ALGORITHMS AS LEGAL DECISIONS: GENDER GAPS AND CANADIAN EMPLOYMENT LAW IN THE 21st CENTURY.

AuthorNiblett, Anthony

Introduction

Should judges and arbitrators in Canada use algorithms to assist with their decision making? Could we ever replace the decisions of judges with the assessments of an algorithm? Some legal scholars and futurists have posited the idea that artificially intelligent algorithms could form the basis of legal decisions. (1) This is not merely an issue for the future. Predictive algorithms are already used by lawyers to assist with dispute resolution. (2) And artificially intelligent tools are being used as a basis for legal decisions in China, (3) Estonia, (4) and other jurisdictions. (5) The question of how much authority the Canadian legal system decides to delegate to algorithms is, therefore, one of paramount importance in the 21st century.

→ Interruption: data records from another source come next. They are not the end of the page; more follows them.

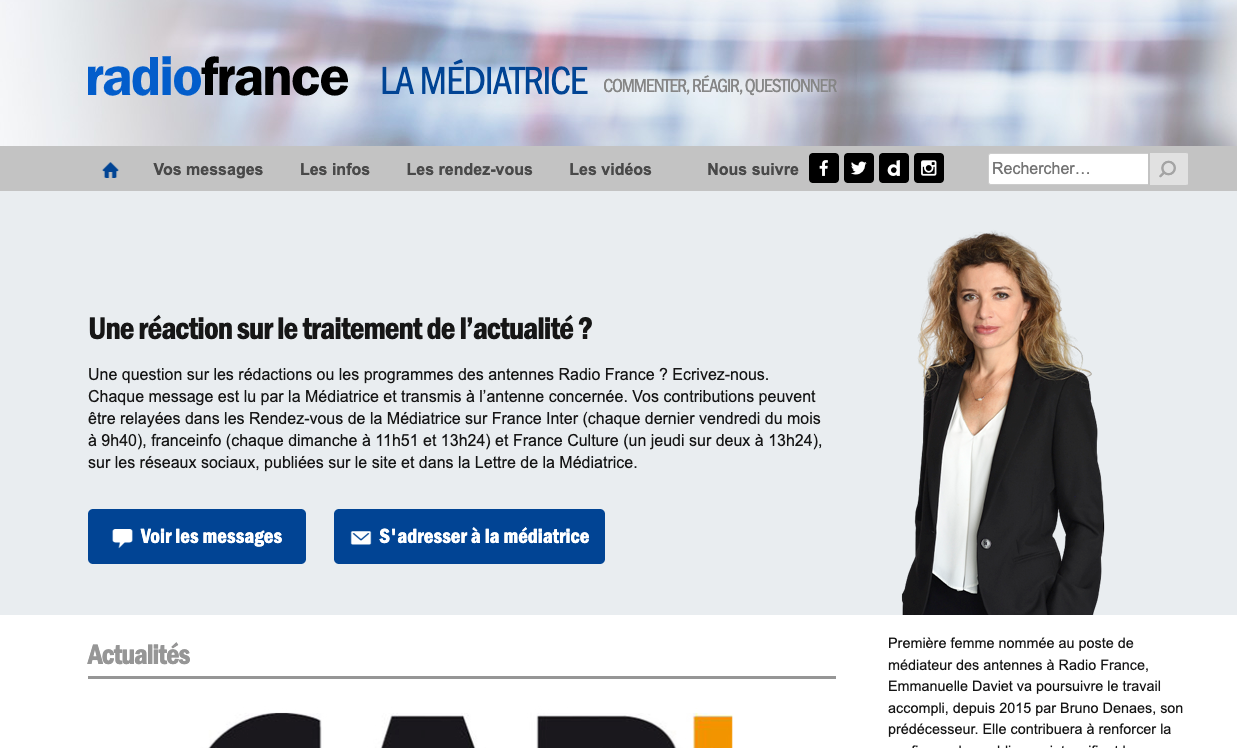 C’est par exemple le cas de Radio France, dont la médiatrice Emmanuelle Daviet dispose d’une page web archivant les messages reçus, d’une newsletter hebdomadaire, d’un compte Twitter et surtout de chroniques régulières sur les antennes.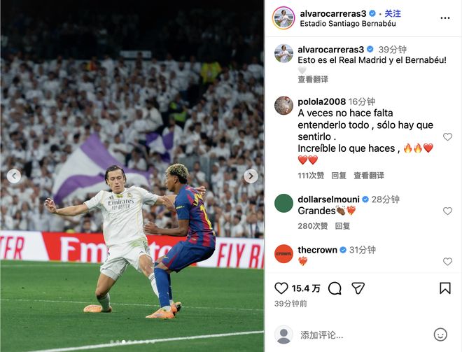 雷速体育10月27日讯 在今日凌晨结束的西班牙国家德比中,皇马主场2-1战胜巴萨,将积分榜的优势扩大至5分。赛后,皇马左后卫卡雷拉斯(A费)在社媒中晒出自己防守亚马尔的照片,并配文,“这里是伯纳乌,这就是皇马。”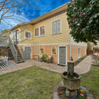 Shaded by a magnificent camellia tree, the enchanting back garden is a private grotto with a lush lawn, gently bubbling fountains, and mature hedges and trees. Two expansive pavered patios create a perfect space for afternoon barbecues or sophisticated evening entertaining under the stars.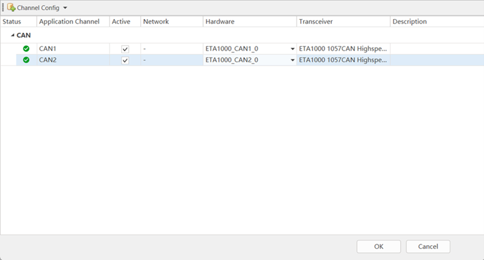 Once the logical channels of the CAN or LIN are selected, they can be associated with the ETA1000 channels, as shown in Figure. In Figure, you can see that ETStudio's logical channel CAN1 is associated with ETA1000's Channel 1, and ETStudio's logical channel CAN2 is associated with ETA1000's Channel 2.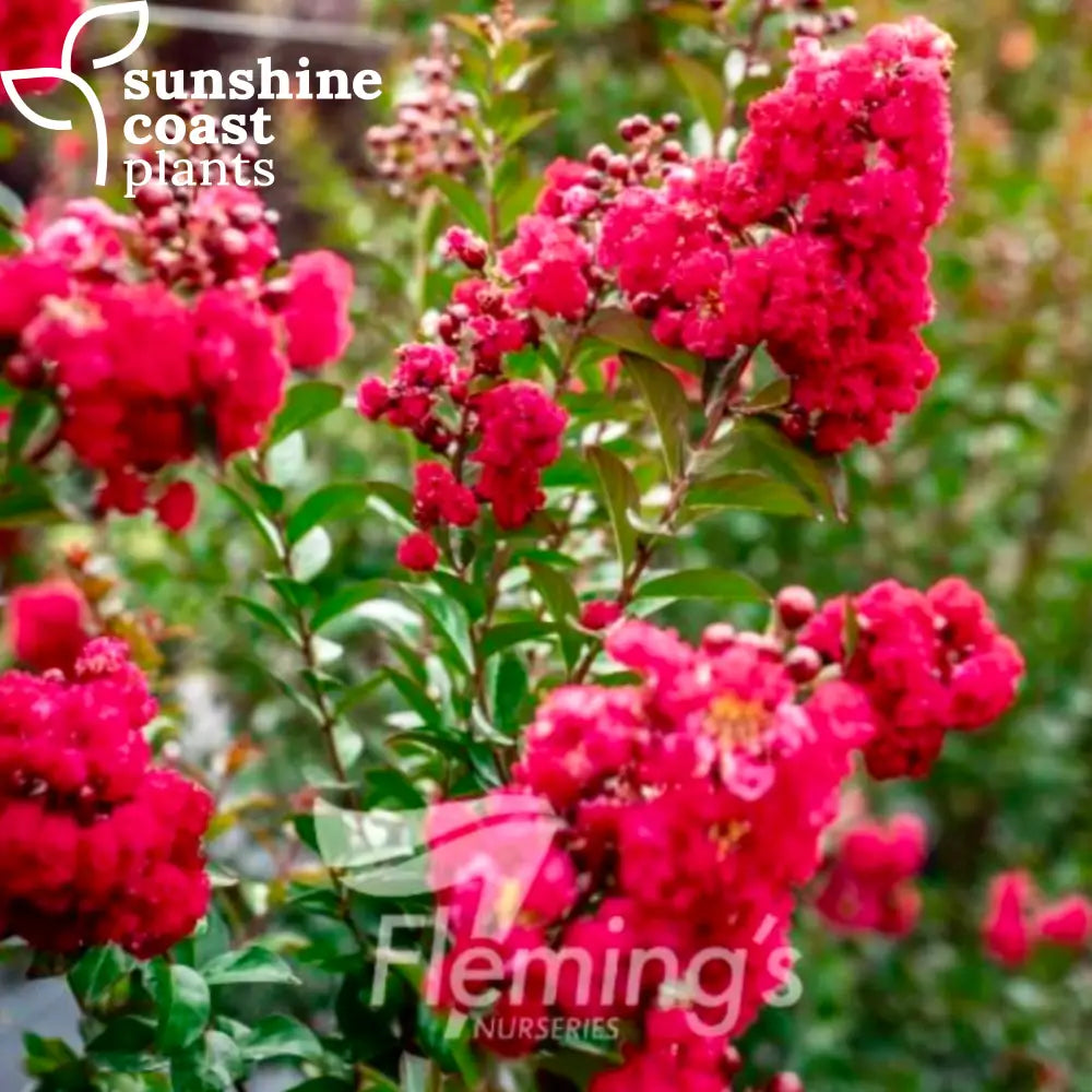Lagerstroemia ‘Ruffled Red Magic’, part of The Magic Series®, is a stunning deciduous shrub or small tree known for its vibrant, ruffled deep red flowers and lush, dark green foliage. The rich blooms appear in abundance throughout summer and into early autumn, creating a bold display of colour. With its compact, rounded form and long flowering season, ‘Ruffled Red Magic’ is ideal for feature planting, low hedges, or vibrant borders. It typically grows to 4m in height.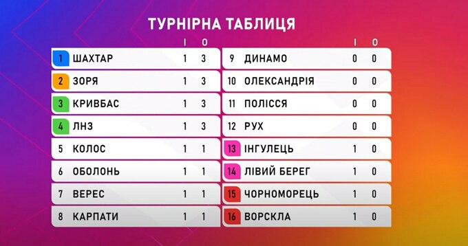 Турнирная таблица после 1-го тура. Кто стал лидером на старте сезона УПЛ?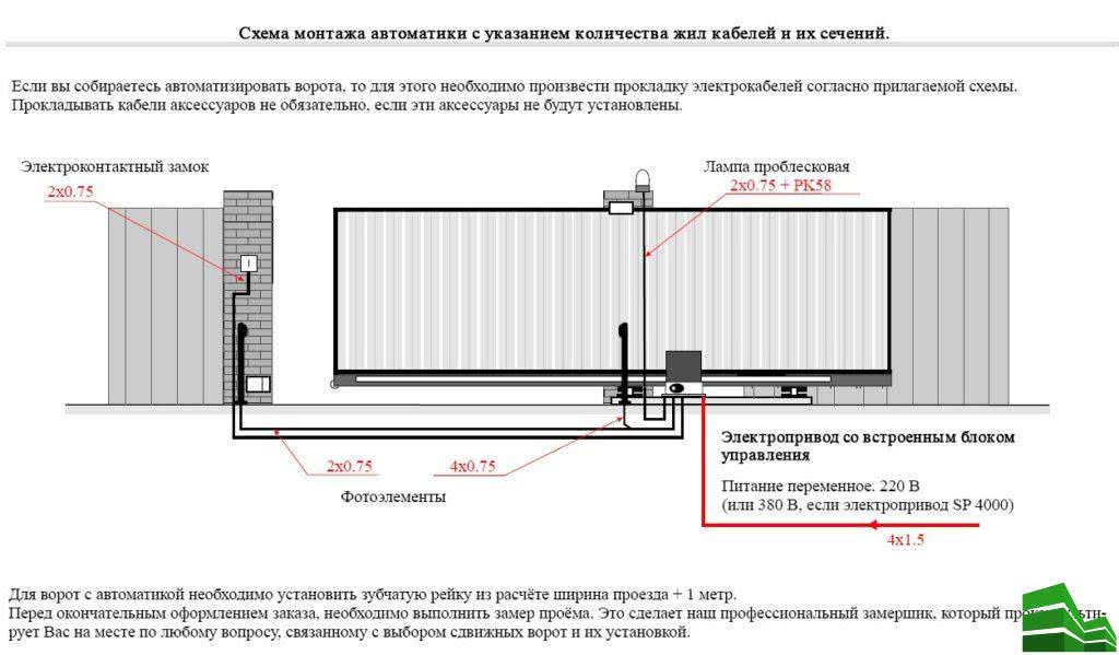 Продумать прокладку электропроводки нужно еще на том этапе, когда вы подготавливаете яму под фундамент, поскольку именно там её и потребуется проложить. Ворота раздвижные с электроприводом требуют правильного подключения. Чтобы произвести монтаж правильно, вам потребуется присоединить привод к роликовому механизму, чтобы элементы отъезжали сами, а также присоединить фотоэлемент к приводу. Таким образом, владелец получает возможность управлять конструкцией дистанционно. Кроме того, раздвижные ворота обычно оснащаются еще и сигнальными лампами или же устройствами для подачи звуковых сигналов. Это делается в соответствии с требованиям к безопасности пользования.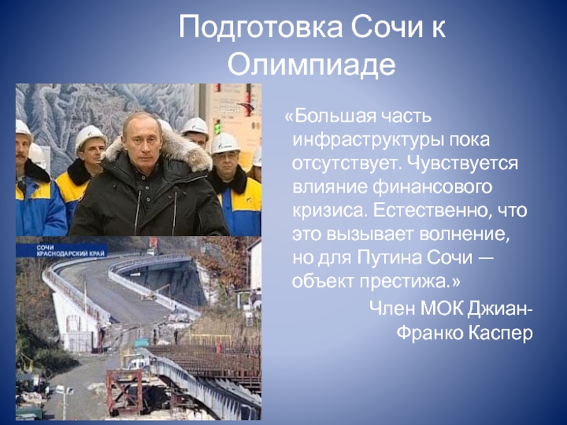 влияние финансового кризиса. Естественно, что это вызывает волнение, но для Путина Сочи — объект престижа.»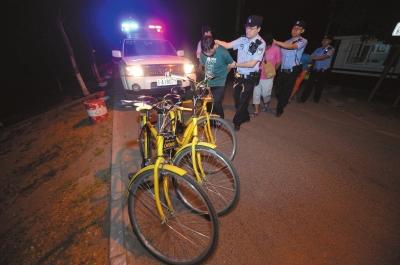 3名偷校园公租自行车的嫌疑人被控制。除署名外均据京华时报记者欧阳晓菲摄

The use of such algorithmic tools to help make decisions raises a number of potential concerns. Algorithmic bias is frequently high on the list of concerns and examples of such bias are plentiful. In the legal context, studies have shown that racial bias infects algorithms used by judges to assess flight risk in bail decisions or risk of recidivism in sentencing hearings. (6) These algorithms have been found to assess black defendants more harshly than white defendants, even when race is not one of the variables explicitly considered by the algorithm. (7) In other contexts, Amazon recently built an artificially intelligent tool to help with hiring employees, but shut it down after it was discovered to be discriminating against women. (8) The prevalence of such biases should caution us against using algorithms in decision making. This would appear to be especially true in the legal context, where decisions can come at the expense of life and liberty.

In this paper, I explore the potential to use one particular type of predictive algorithm in legal decision making. The type of algorithm examined here predicts the "most likely" outcome if a case were to go to court. An algorithm in this mould seeks to predict what would happen if a judge were to decide on the case. The algorithm relies on data generated from previous judicial decisions. It presupposes that the prior decisions of judges provide a good basis for making a prediction in future cases. If the algorithm were to be used by a judge, then the judge is essentially saying that she agrees with the law as decided in previous cases.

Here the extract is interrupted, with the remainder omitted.